Ha. “So you like girls like me, do you?” I tease.

“Maybe,” he allows. He's the one blushing now, and I feel my cheeks growing hot as well.

“Can I be honest with you?” I ask, changing the subject. For some reason I feel comfortable with him—he's easy to talk to.

“Sure,” Royce says.

“This is the most downtime I've had since I can remember,” I say. “I've always judged myself by how much I can achieve. How good I am at things. It's what I do. I never have any time just to appreciate things.”

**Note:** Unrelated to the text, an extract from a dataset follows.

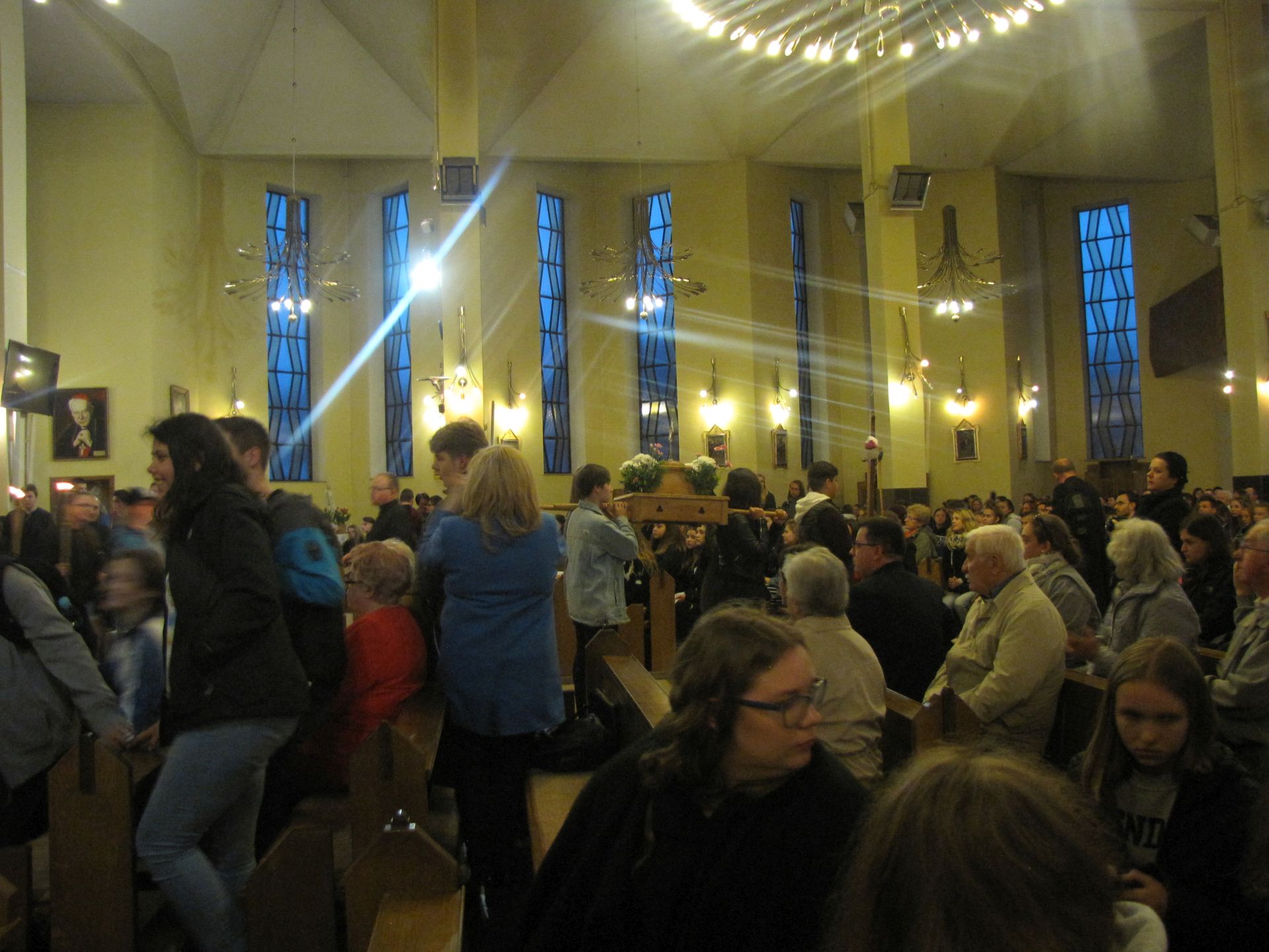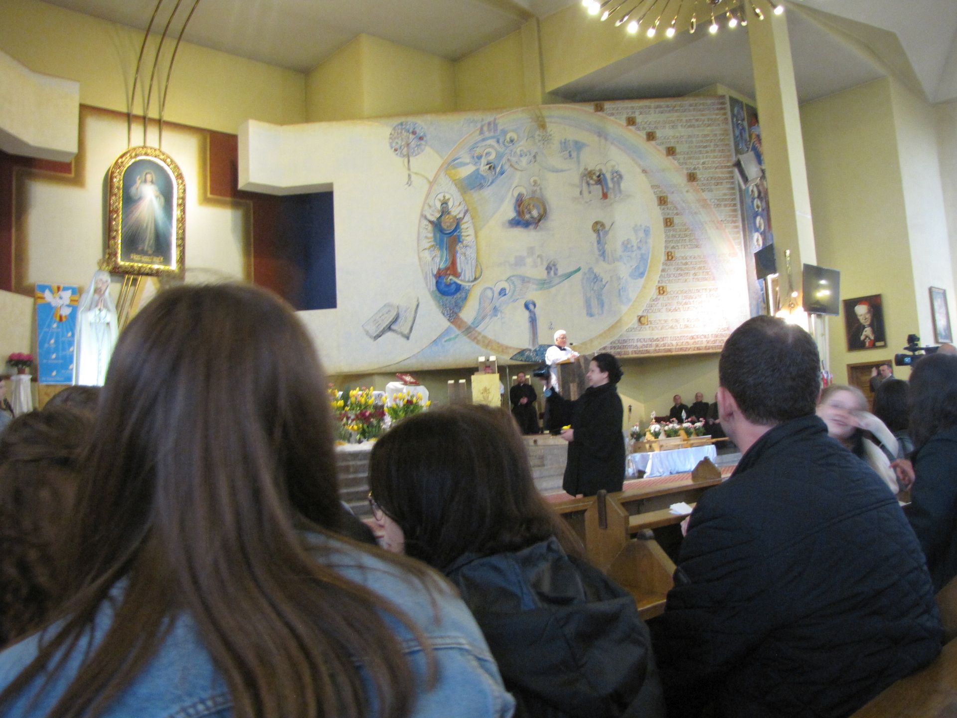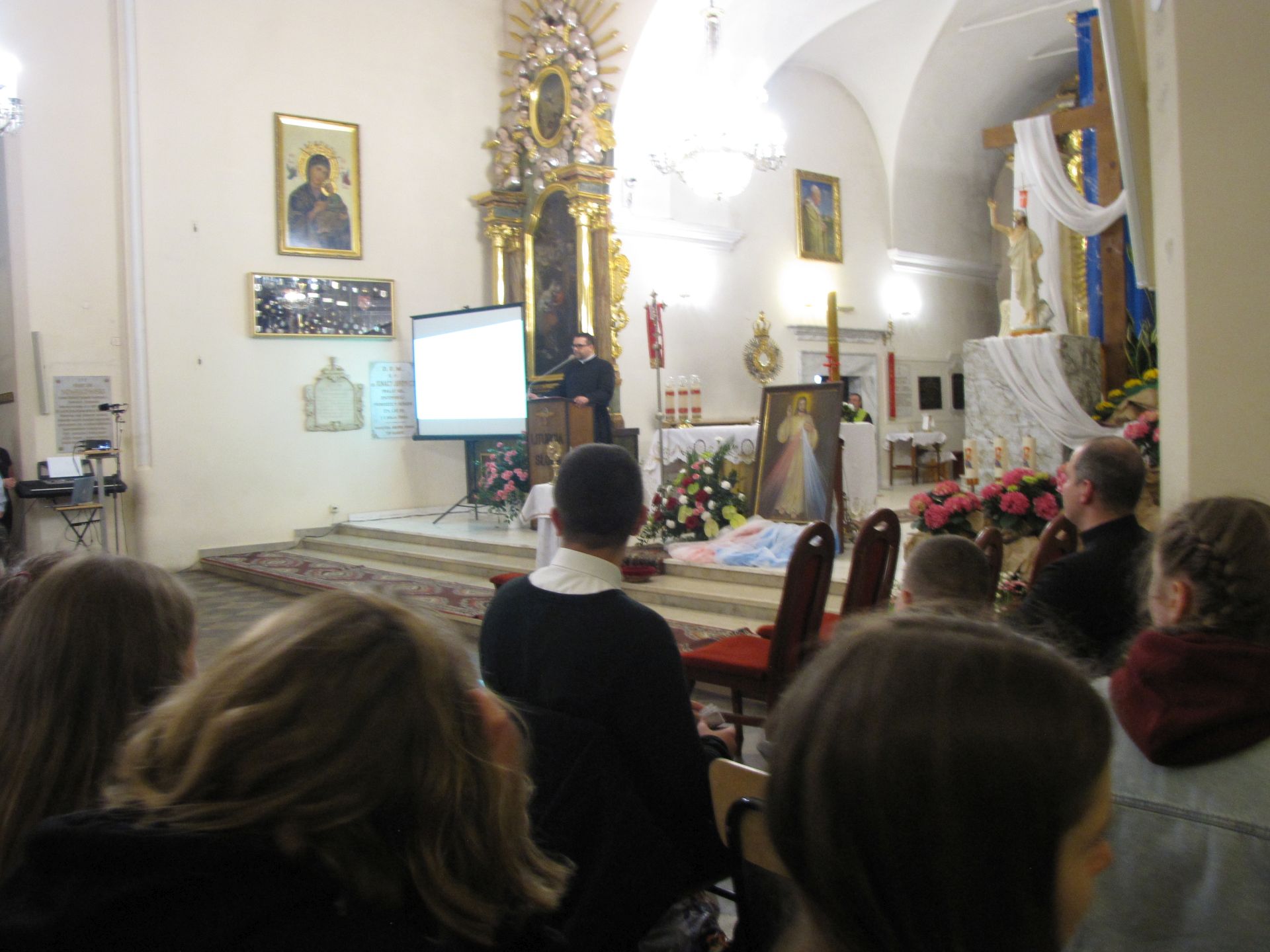 "Bądźcie miłosierni..." - pod tym hasłem w nocy z 27 na 28 kwietnia odbyło się kolejne Sercańskie Czuwanie Młodzieżowe. Tym razem wraz z młodzieżą udaliśmy się do Ostrowca Świętokrzyskiego, by tam wraz z ponad 400 młodymi ludźmi uczyć się jak być miłosiernym na wzór samego Boga. Czuwanie rozpoczęło się w centrum Ostrowca. Na dobry start było śpiewanie, konferencja ks. Dariusza Lewczaka i spotkanie z ks. biskupem. Następnie w procesji przeszliśmy do par. św. Stanisława w Denkowie, gdzie miała miejsce pozostała część naszego spotkania. Mieliśmy okazję wysłuchać świadectwa dwóch chłopaków z domu poprawczego mówiących o ich spotkaniu z Miłosierdziem, oraz księdza posługującego w hospicjum i siostry zakonnej pracującej w domu dziecka. Oboje mówili o tym jak miłosierdzie czynić w praktyce. Po posiłku spotkaliśmy się ponownie w kościele na cudownym czasie spowiedzi i Eucharystii kończącej nasze spotkanie.

Royce sits up a little, adjusting his pants so they cover his ankles. “It's good to be busy. At least it means you're good at something, unlike me.”

“That can't be true,” I say. “Why would you say that?” He looks so crushed for a moment that I know he's not being falsely modest like some people can be.

He shrugs. “I guess it doesn't matter either way, really. I'm the son of a congressman and my family has money. My life is all set up for me.” He turns to look at me directly. “Look—I know how bad that sounds. Like I'm complaining about my privilege. I get it. People like you and all the other honorees have worked so hard to get here. But I'm just here because of my dad.”

I'm about to say something, then decide to listen instead.

His shoulders slump. “I guess sometimes I just want to know that what I do matters. That people aren't judging me by who my parents are, but by who I am.”

I nod sympathetically. “Who are you, then? Who do you want to be?” I ask him, thinking I'm asking the same questions about myself.

Royce knits his brows and looks out at the view. I've caught him off guard.

“Sorry. I didn't mean to make you uncomfortable,” I say.

“No, no, it's not that,” he says, leaning back again, and when he shifts, his knee brushes against mine, and the heat inside me builds. “It's just that no one has ever asked me that before. I don't know how to answer.”

I turn to him and look him right in his dark eyes. “What are you interested in? Sometimes it's easier to figure out what you want to do when you figure out what you like.”

He stares at me. “I never thought of it that way. You're so wise—you're sure you're only seventeen?” he teases.

“Well?”

He runs his fingers through his hair again, messing it up. “I like to read. I didn't learn how to for a long time. I'm dyslexic, and for the longest time everyone just thought I was just slow. So when I finally learned how to read, I couldn't stop. I felt like I had to catch up.”

“Who's your favorite writer?”

“Ah, it's hard to choose,” he says. “Saul Bellow maybe. Or Norman Mailer. Did you ever read
Armies of the Night
?”

I shake my head. “I've heard of it though. It's about the sixties, right? The protests against the Vietnam War?”

“Yeah. There's a line from it that's never left me. ‘There is no greater importance in all the world like knowing you are right and that the wave of the world is wrong, yet the wave crashes upon you.'” Royce looks out at the view, pensive and still. The space between us is so tight and close it feels as if I can hear his heart beating under his shirt. Can he hear mine?